Saved entries:
● ● ● ●
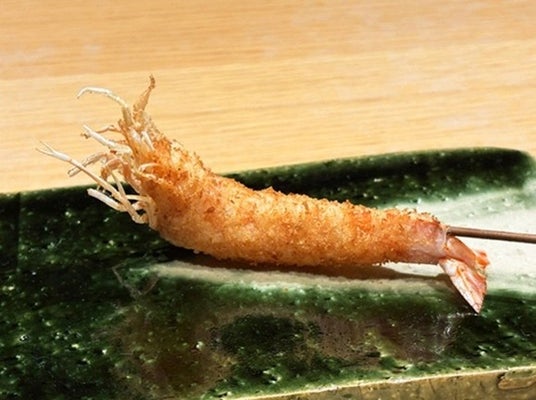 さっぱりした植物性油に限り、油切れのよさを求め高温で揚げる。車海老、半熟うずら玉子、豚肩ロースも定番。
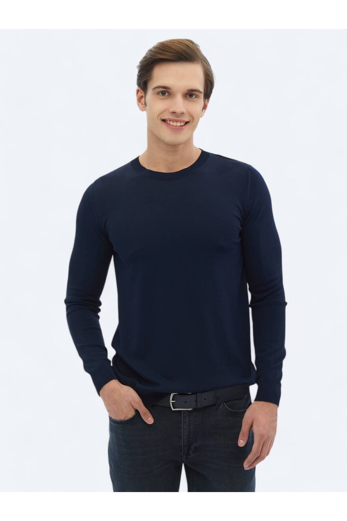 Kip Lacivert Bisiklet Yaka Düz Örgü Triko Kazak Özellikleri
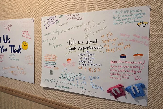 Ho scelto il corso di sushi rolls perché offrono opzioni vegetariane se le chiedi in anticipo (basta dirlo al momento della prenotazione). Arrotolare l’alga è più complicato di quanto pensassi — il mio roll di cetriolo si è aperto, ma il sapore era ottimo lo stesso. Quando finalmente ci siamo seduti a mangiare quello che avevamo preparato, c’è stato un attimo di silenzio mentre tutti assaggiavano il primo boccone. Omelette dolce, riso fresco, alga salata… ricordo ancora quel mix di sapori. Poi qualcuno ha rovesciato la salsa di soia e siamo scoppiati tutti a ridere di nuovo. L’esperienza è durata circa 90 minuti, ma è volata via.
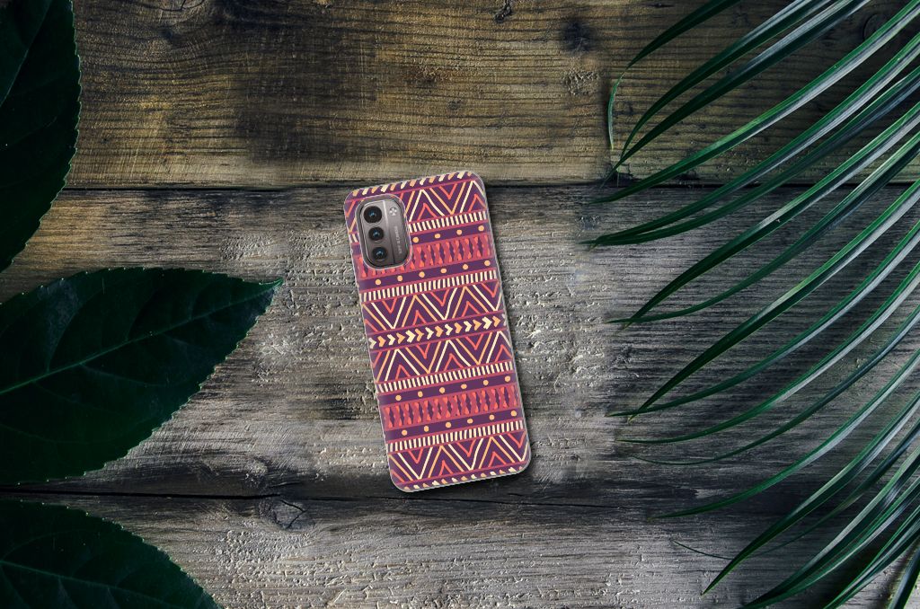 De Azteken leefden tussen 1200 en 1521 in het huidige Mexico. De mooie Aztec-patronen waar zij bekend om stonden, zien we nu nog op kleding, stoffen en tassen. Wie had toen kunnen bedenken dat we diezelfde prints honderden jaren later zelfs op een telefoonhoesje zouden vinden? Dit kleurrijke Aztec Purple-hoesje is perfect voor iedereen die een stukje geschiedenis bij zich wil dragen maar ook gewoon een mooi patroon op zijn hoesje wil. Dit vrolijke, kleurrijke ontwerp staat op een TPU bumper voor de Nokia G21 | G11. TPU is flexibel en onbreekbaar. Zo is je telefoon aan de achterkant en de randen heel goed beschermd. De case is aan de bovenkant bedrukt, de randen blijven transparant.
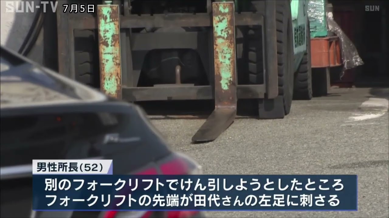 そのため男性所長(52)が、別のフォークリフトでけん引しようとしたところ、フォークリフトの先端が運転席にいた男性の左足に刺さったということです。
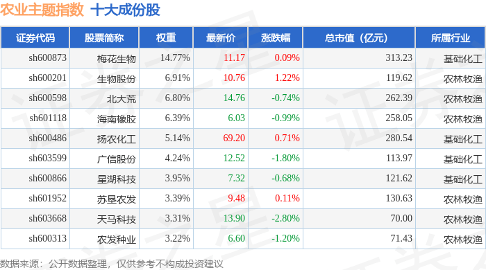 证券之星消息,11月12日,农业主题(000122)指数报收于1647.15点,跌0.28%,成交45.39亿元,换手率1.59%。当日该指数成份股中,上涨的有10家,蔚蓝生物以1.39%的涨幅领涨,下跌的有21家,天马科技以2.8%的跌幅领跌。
● ● ● ●
## To do:
Find "そのため男性所長(52)が、" in the entries, then reproduce that line and each line after it exactly, through the last one. Pictures do not go in.

## Problem solution:
 そのため男性所長(52)が、別のフォークリフトでけん引しようとしたところ、フォークリフトの先端が運転席にいた男性の左足に刺さったということです。
 证券之星消息,11月12日,农业主题(000122)指数报收于1647.15点,跌0.28%,成交45.39亿元,换手率1.59%。当日该指数成份股中,上涨的有10家,蔚蓝生物以1.39%的涨幅领涨,下跌的有21家,天马科技以2.8%的跌幅领跌。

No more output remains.